Investors are avoiding mostly equities as they do not see any major change in the market sentiment in the next few months. "Although people are not entering stocks, they are not even exiting it as they do not want to cash out in loss. However, some selling could be happening on highs," said a wealth manager.

The benchmark Sensex has fallen more than 40 per cent from its January peak and experts do not see any respite from the falling spree anytime soon. However, experts say that retail investors, though in a small number, are coming to equity mutual funds though systematic investment plans and HNIs are bottom-fishing in the market. They are now looking for value picks as the steep correction has brought a lot of large-cap stocks down to attractive levels.

Says Leslie Menkes, managing director, Onshore Private Wealth Management Asia at Morgan Stanley, "HNIs have become very conservative. They are de-emphasising equity and over-emphasising cash. Lots of them are waiting in the wings for the market to stabilise."

As a result, fixed income has turned out to be a risk-free investment option, say private banking executives.

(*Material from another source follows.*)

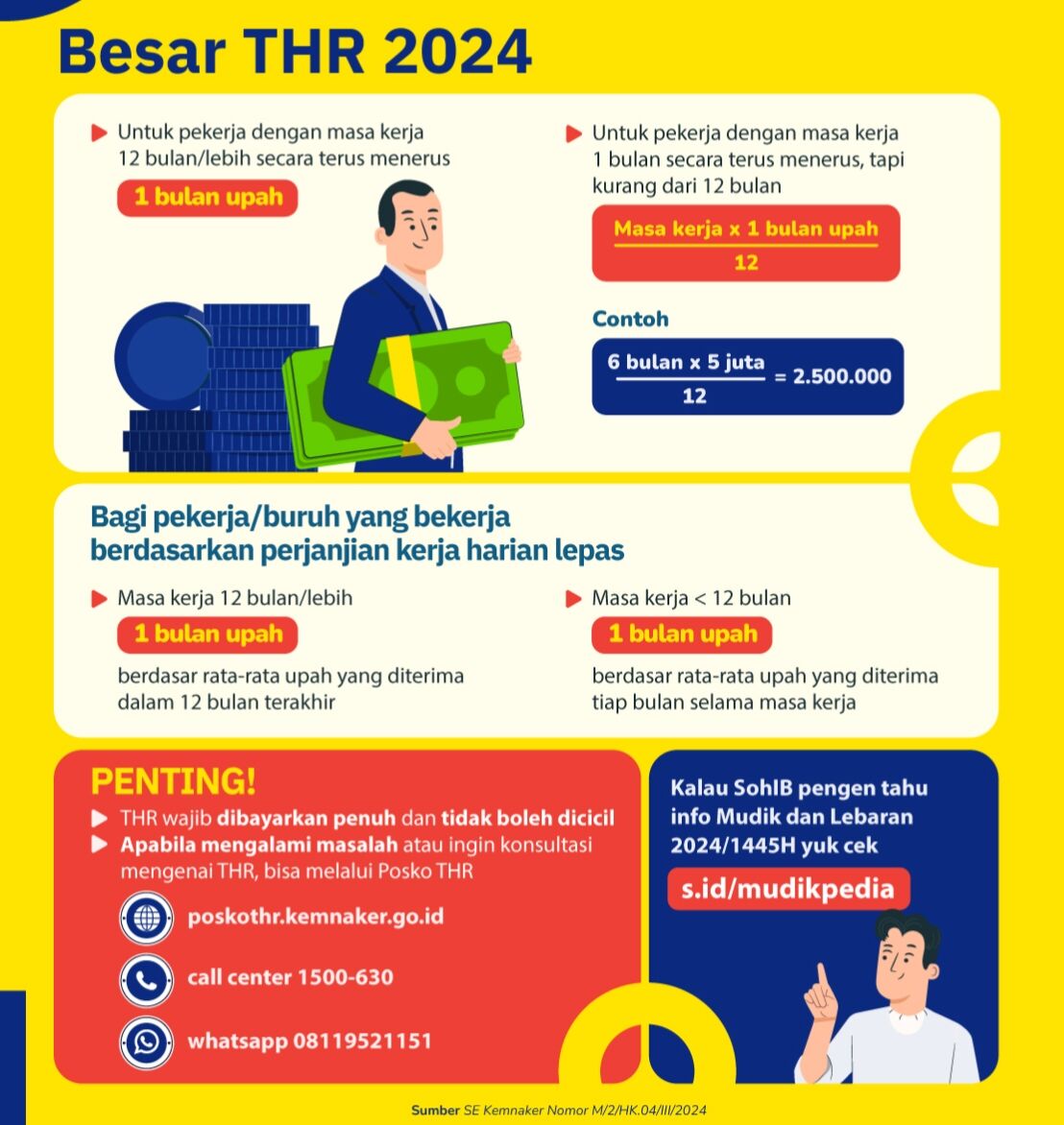Untuk kebijakan penetapan besaran THR dan berapa minimal besaran dana yang seharusnya diberikan, Untuk karyawan/buruh pabrik setelah 1 tahun kerja adalah diberikan 1 bulan gaji upah, bagi pekerja sebelum 1 tahun kerja adalah masa kerja bulan di bagi 12 dikalikan upah pokok dan jika masa kerja lebih dari 1 tahun yang sudah ada nilainya tidak boleh di kurangi, lanjut Ketua Kahutindo Kabupaten Lamongan itu.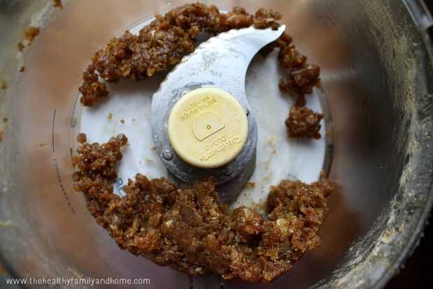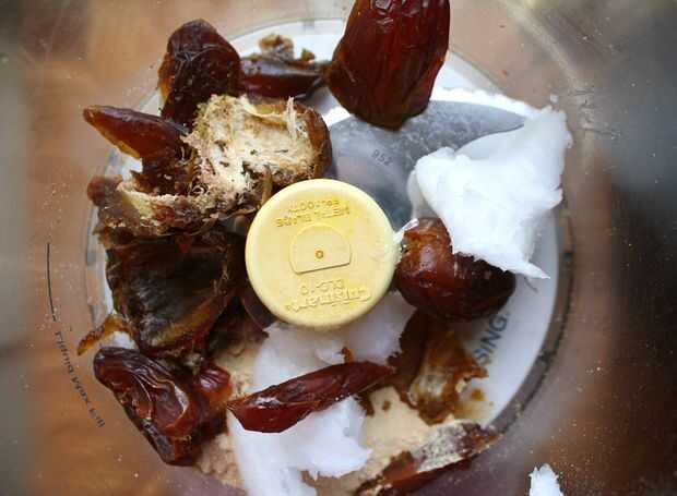 Ponga todos los ingredientes para el caramelo (las fechas medjool, aceite de coco, maca en polvo y vainilla en polvo) en un procesador de alimentos y el proceso hasta que se combina bien.

A majority of the allocation of HNIs nowadays is going towards fixed maturity plans, fixed deposits and short-term (30-90 days) papers.

According to Reserve Bank of India figures, fixed deposits witnessed a sharp growth of Rs 35,403 crore (Rs 354.03 billion) in 30 days ending August 29. FMPs, too, have been attracting a lot of interest as liquid and money market schemes saw inflows of Rs 285,267 crore (Rs 2852.67 billion) in August, according to Association for Mutual Funds in India data.

Investors, who were investing in unrated papers with high coupon rates in search of better returns some months ago, are now taking no risks. They have become more conscious about the quality of credit as the whole subprime issue centred around credit quality.

HNIs had been excessively parking their money in structured products, but with the credit issue once again in the limelight, they are now assessing the payback ability of institutions before investing.

Capital-guaranteed structured products, which have a part of the investment in debt while other is invested in an underlying such as equity, are quite popular in India.

Head of Wealth Management at Centrum, Sriram Venkatasubramanian says, "People have started questioning structured products underwritten by Lehman Brothers. Investors used to allocate at least 10-15 per cent in these products."

A correction in real estate prices coupled with high interest rates has deterred investors from parking their money in flats and plots of land, which earlier used to be a prime destination for HNIs. Commodities are still not a very popular asset class in India. However, say wealth managers, of late investors have started investing in gold with global inflation at a high.